My parents' long and happy marriage was a great ideal to live up to, but a tough one.
My husband Rhashan reminds me of my father because he's got great strength of character.
I've been lucky enough to kiss three James Bonds on screen: Pierce Brosnan, George Lazenby and Daniel Craig.
Roman Polanski actually said as much to me once. He had his head in his hands, and I said, "Roman, I've got to tell you, as an actor, seeing the director with his head in his hands... Look, I really want to do what you want me to do." And he went away and he came back, having obviously thought about what I said. And he said, "When my head is in my hands, I'm closing my eyes and trying to remember what I saw in my head, before any of the stuff."
I don't feel under pressure to work because I love what I do and I wanted to do the projects that came my way.
My parents taught me everything and set me up for life. I owe to them all the things I'm passionate about: music, art, the people I love, my career and family life, the fact that I have children and the way that I raise them.
My skin may have wrinkles but it's because I'm smiling so much. That might sound like some terrible American greetings card, but I feel it's immoral for me to castigate my body for getting older, when it does everything I ask of it.
Joss Whedon writes beautiful drama. His sensitivity and his sense of drama and scenes are pretty exceptional. There's no one else writing like him, really, in sci-fi and TV. That's not to say there are no astonishing writers on TV. I was nervous about coming to America and playing an English person who speaks very English when all the writers are American, because it's a very particular thing to imitate, and if it's badly imitated, it sounds painfully contorted and silly. And he writes very well for English people. It was Joss Whedon who persuaded me.
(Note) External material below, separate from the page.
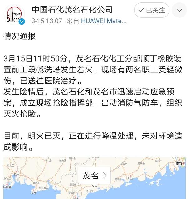 3月15日11時50分,茂名石化化工分部順丁橡膠裝置前工段堿洗塔發生著火,現場有兩名職工受輕微傷,已送往醫院治療。
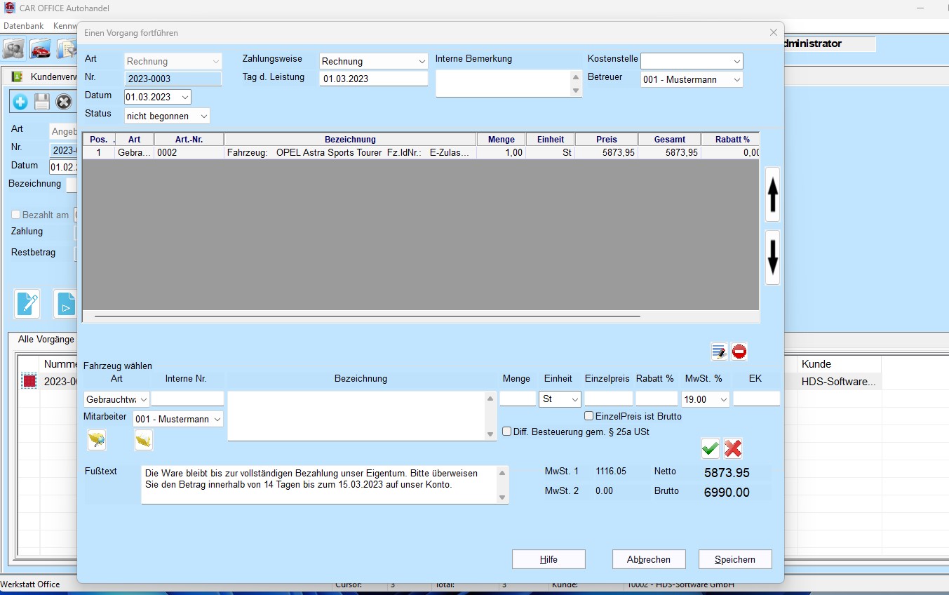 Sie können mit CAR OFFICE Autohandel Angebote, Kostenvoranschläge, Auftragsbestätigung, Rechnungen und Korrekturbelege erstellen und verwalten.

Family holidays and weekends are really brightly colored memories, full of my mother and father, rather than our nannies and au pairs.
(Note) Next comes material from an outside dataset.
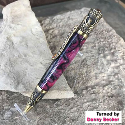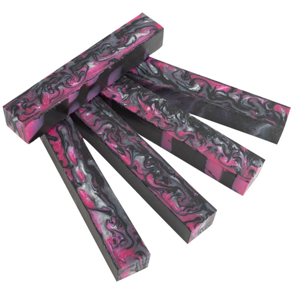 Inlace Acrylester #123 - Pink Damascus is made up of black, pink, and silver swirls. It is a great blend of colors that are perfect for anyone! Blanks are sized at 3/4" x 3/4" x 5".

The best Christmas present I got from my husband was a week to do whatever I wanted.
The way I miss my daughter Esme is to worry about her. It is not a pleasurable longing. It contorts my body and scrambles my brain, makes me stop breathing, clench my jaw and my fists, it makes me frown, and makes me blind and deaf, in fact entirely without sensory perception.
Carey Mulligan is completely self-possessed. She knows what she's doing, and again, quite like the big-hitters I was talking about, my job was just to feel and reflect back the amazing performance coming my way. If anything, I was slightly pathetically flying in her tailwind. She's an extraordinary actress.
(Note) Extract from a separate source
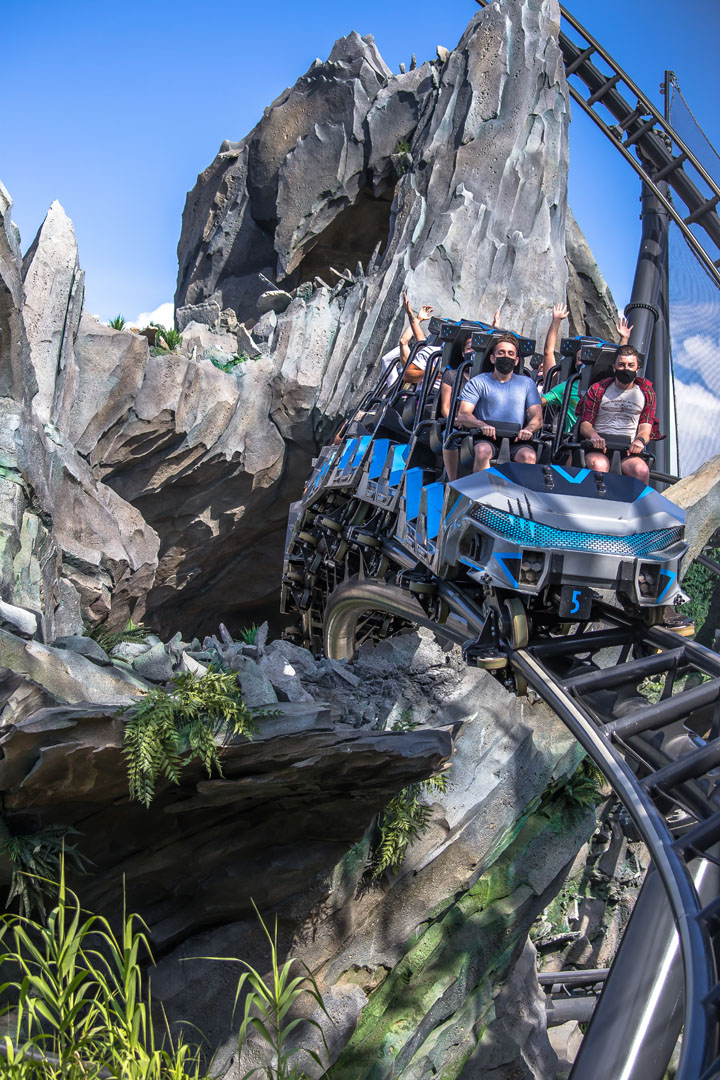 Testing began in September 2020 with a days-long pull-through test, with train cars shrouded in plastic. By November 2020 the train’s design was revealed, and the trains cycled after hours. Obvious daytime testing started by early 2021 with the online enthusiast community buzzing about the spectacular lighting package on the trains and what the ride would be like. The trains seemed to creep around the course, leading to speculation about how intense the forces would feel. Looking more closely at the tight radius of many turns hinted to observers that the trains were rolling fast enough.

I am a pathetic and gushing Nick Hornby fan, and I wanted to be in High Fidelity, and I wanted to be in About A Boy, and those two directors - one who's a dear friend, and one who has never cast me in anything, despite my pleading... So there was another Nick Hornby script going around being cast by a friend of mine, and she said, "There's a very small role in it, but you'd be right for it." I was like "I don't care how small, I'm going to be in this Nick Hornby film."